La tienda Zagros, en Harrow Road (Londres)

Decía Samuel Johnson que el que se aburre en Londres es que se ha aburrido de la vida. Hoy los londinenses solo pueden combatir el aburrimiento con el miedo al futuro y con la nostalgia. Porque un 55% de sus nueve millones de habitantes ni siquiera nació en el Reino Unido, y su comunidad no es su barrio sino todos los amigos desperdigados por una inmensa ciudad replegada en sí misma. Los cuatro privilegios de los británicos en esta crisis vienen con trampa. Salir a correr es como estar dentro de un sueño, por calles vacías y silenciosas, aterrado cuando alguien se aproxima y ensayando requiebros imposibles para esquivarse unos a otros y guardar los dos metros de distancia exigidos. Los pequeños barcos atracados en el canal de Little Venice, donde viven bohemios adorables, exiliados del sistema y robinsones urbanos, permanecen cerrados, como pequeñas burbujas de seguridad. “Esta barrera mide 1,20 metros. Quedan 80 centímetros para que cumplas con la distancia reglamentaria. Aléjate”, dice un cartel escrito a mano a las puertas de uno de ellos, junto a un chapucero cordón de seguridad con cintas de plástico amarillas y calaveras de plástico incrustadas en los palos clavados en la hierba.

Ir a comprar ya se ha reducido a una obligación fastidiosa. Colas que rodean la manzana por la necesaria separación impuesta a los clientes y un silencio sepulcral en el interior. Se acabó la locura del papel higiénico, pero cada vez se compra más por impulso para regresar a casa y descubrir que nunca hubo antes tantas bandejas de pollo en la nevera. Al médico o la farmacia, mejor no arriesgarse. Y a trabajar, comienza a ser una fantasía. La City, el centro financiero de la ciudad, es un páramo de oficinas cerradas y calles vacías. Los restaurantes y las tiendas permanecen vetados. Todavía se puede comprar comida para llevar, sin pasar de la puerta, y hacerse con un pollo al curry es como acudir a por mercancía al mercado negro.

El canal de Little Venice, con sus barcos-vivienda

Westminster y los alrededores del Parlamento ya no acogen a los fanáticos pro y anti-Brexit. Se acabaron los desayunos o comidas de trabajo. Las entrevistas o conversaciones se reducen al teléfono, el correo electrónico o la videoconferencia. Los museos y teatros de esta ciudad se han llevado con ellos uno de los dos pulmones de Londres. La National Gallery parece un buque fantasma que flota sobre Trafalgar Square.

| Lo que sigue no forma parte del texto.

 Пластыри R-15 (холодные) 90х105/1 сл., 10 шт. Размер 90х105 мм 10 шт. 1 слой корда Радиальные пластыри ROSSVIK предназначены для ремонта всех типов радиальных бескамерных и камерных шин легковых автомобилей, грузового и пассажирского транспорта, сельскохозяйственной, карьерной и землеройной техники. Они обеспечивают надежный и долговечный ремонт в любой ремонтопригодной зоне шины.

Boris Johnson reaparece de vez en cuando en vídeos caseros grabados desde su confinamiento en Downing Street, que cuelga en Twitter. Empezó con aplomo, pero pronto cambió la corbata por un jersey de punto bajo la americana. Hasta que salió en camisa, más despeinado de lo habitual y con un aspecto desmejorado. En cuanto se supo que había dado positivo, el Gobierno se convirtió en dominó. Le siguió el ministro de Sanidad, Matt Hancock. Luego cayó la máxima autoridad médica del país, Chris Whitty. Cuando se supo que Dominic Cummings, el gurú estrella de Downing Street y defensor temprano de la olvidada ya “inmunidad de grupo”, por la que se pretendía el contagio masivo de la población para frenar el virus, también se encerraba en casa, más de uno no pudo evitar una sonrisa.

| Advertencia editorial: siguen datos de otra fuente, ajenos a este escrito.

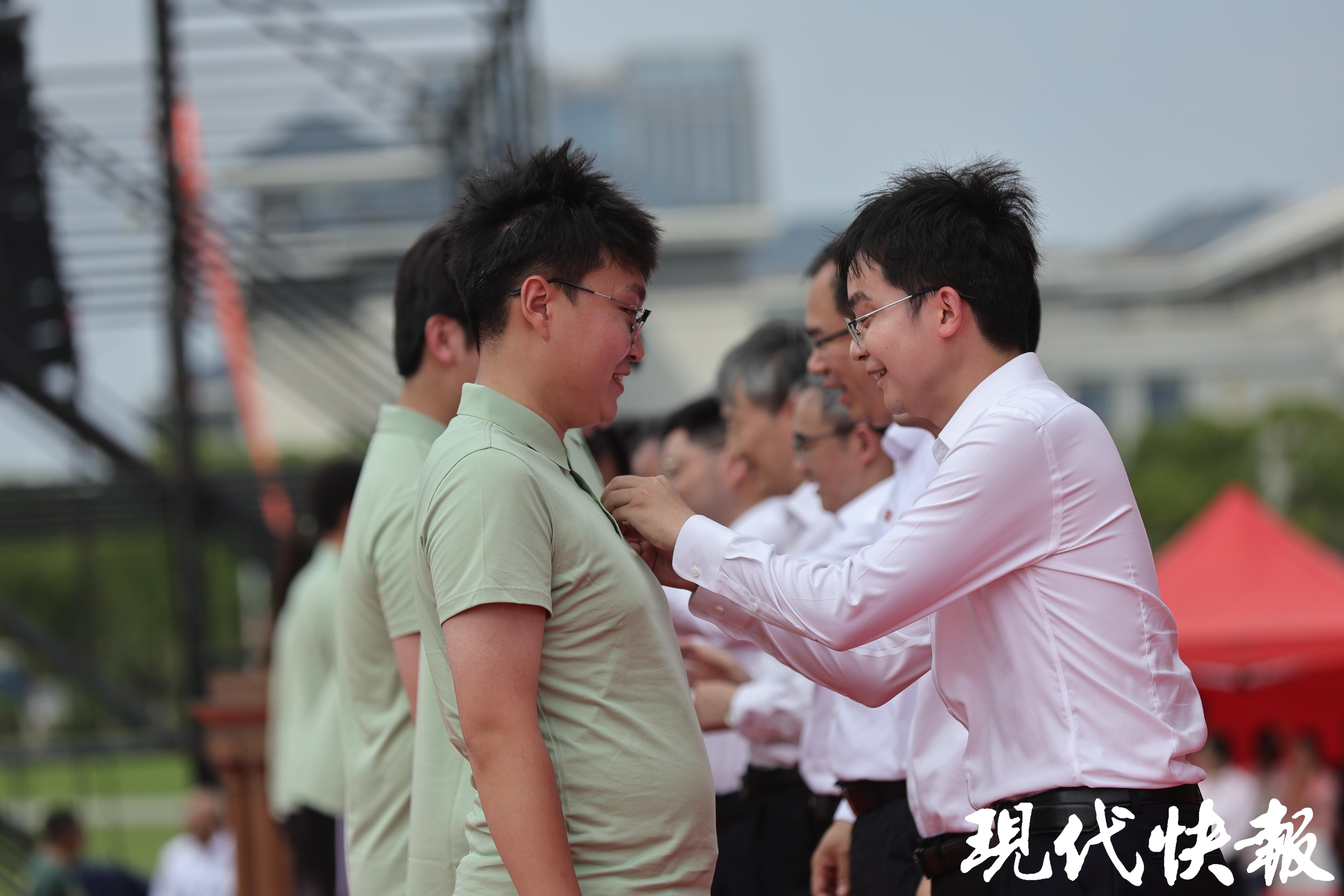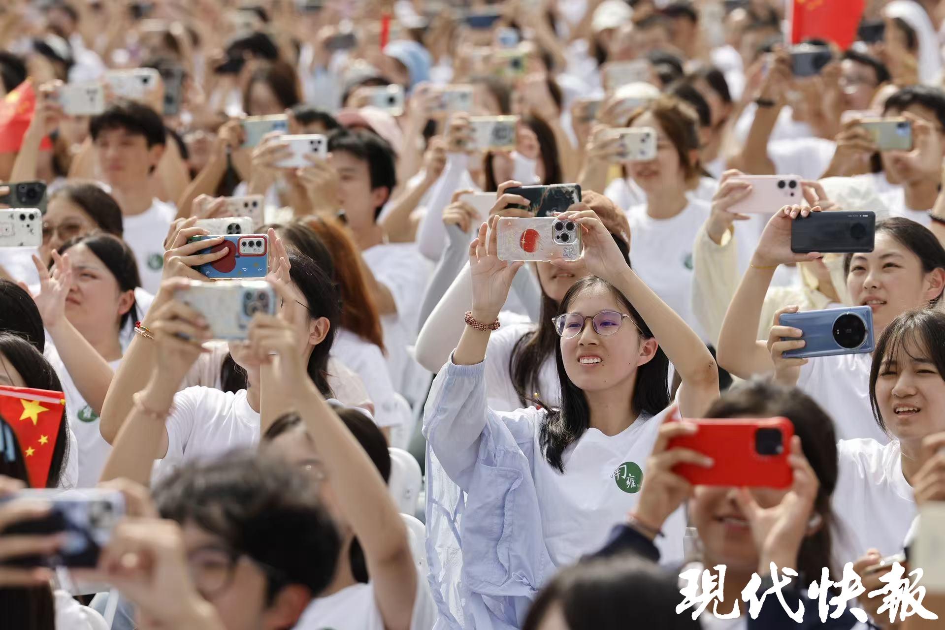 典礼最后,伴随着《我爱你东南》的旋律响起,万名新生全体起立,郑重佩戴起象征着“东大人”新身份的校徽,并进行集体宣誓,与东南大学这座百廿学府缔结永恒的精神契约。全场齐唱《东南大学校歌》,阳光映衬着一张张青春自信的笑脸,他们在这里正式开启人生的崭新征程。
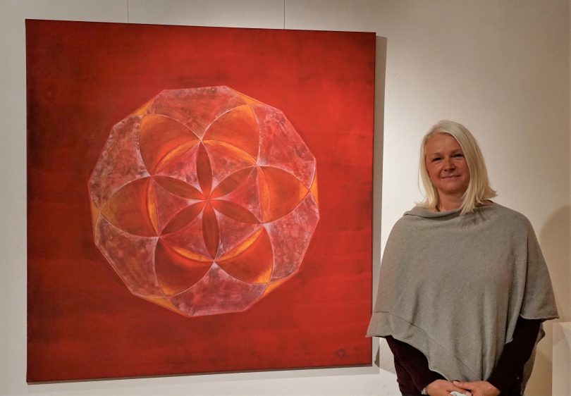 Die Rosenheimer Künstlerin Elisabeth Opperer beschäftigte sich in ihrer Vorbereitung zur Ausstellung nicht nur mit der Heiligen Geometrie, sondern auch mit dem ältesten Flachdruckverfahren, der Lithografie. So entstanden die Werke, wie Turteltauben, koloriert oder im kontrastreichen Schwarz-Weiß und Bügel-Flügel. Ebenfalls gekonnt in Gouachetechnik gemalt, konstruierte die Malerin in fantastischer Symmetrie ein Dodekagon, ein rotes Zwölfeck mit dem Titel Ursprung.
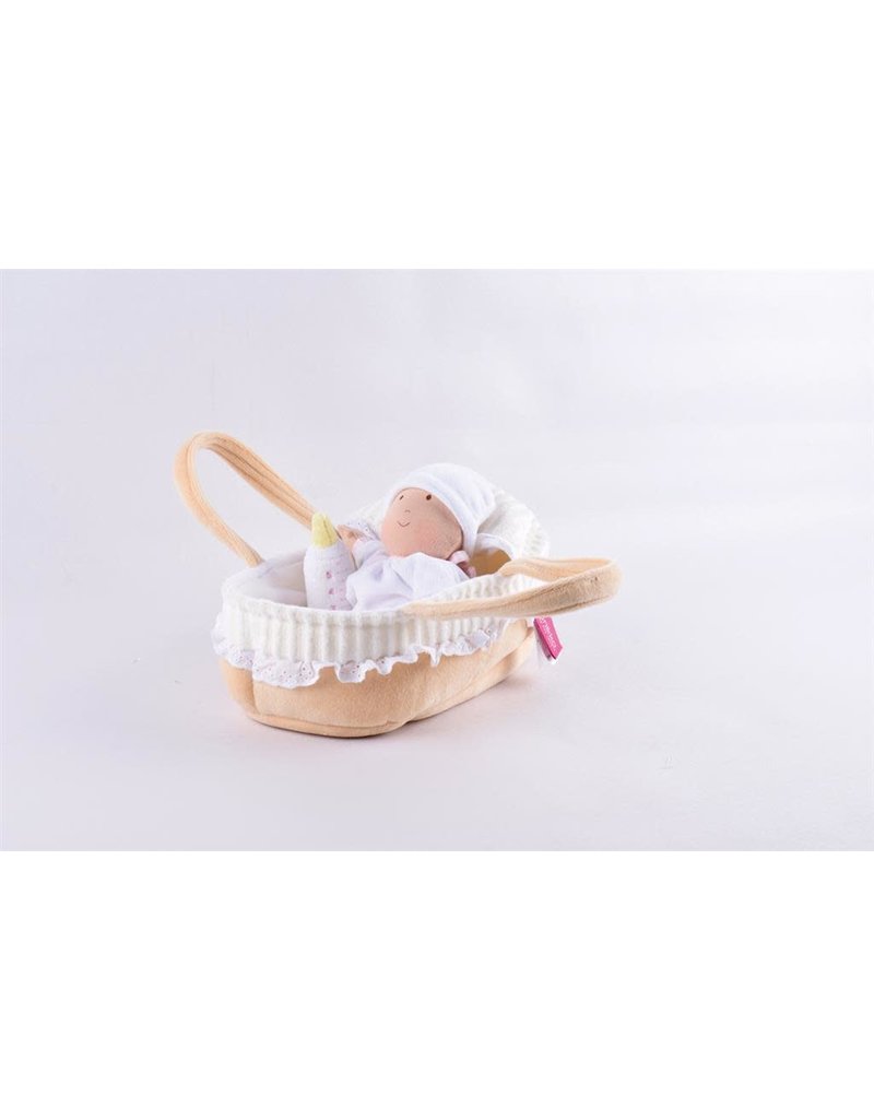 Bonikka draagwiegje met een mooie knuffelpop, zuigfles en dekentje. Ideale set waarmee je kleintje op een veilige manier zelf voor een poppetje kan zorgen!

Siempre hay cada tarde un miembro del Gobierno y dos asesores médicos o científicos para comparecer ante la prensa y dar el parte. Pero de momento, la realidad desborda las promesas y previsiones. Johnson prometió 250.000 test diarios hace una semana. Su ministro arrancó titulares, este jueves, con la promesa de que serían más bien 100.000, y a finales de abril. Insisten en que se vencerá al virus, pero advierten de que la normalidad no volverá al menos en seis meses, y lo hará de modo gradual. Echo de menos viajar en metro y el caos del Zagros.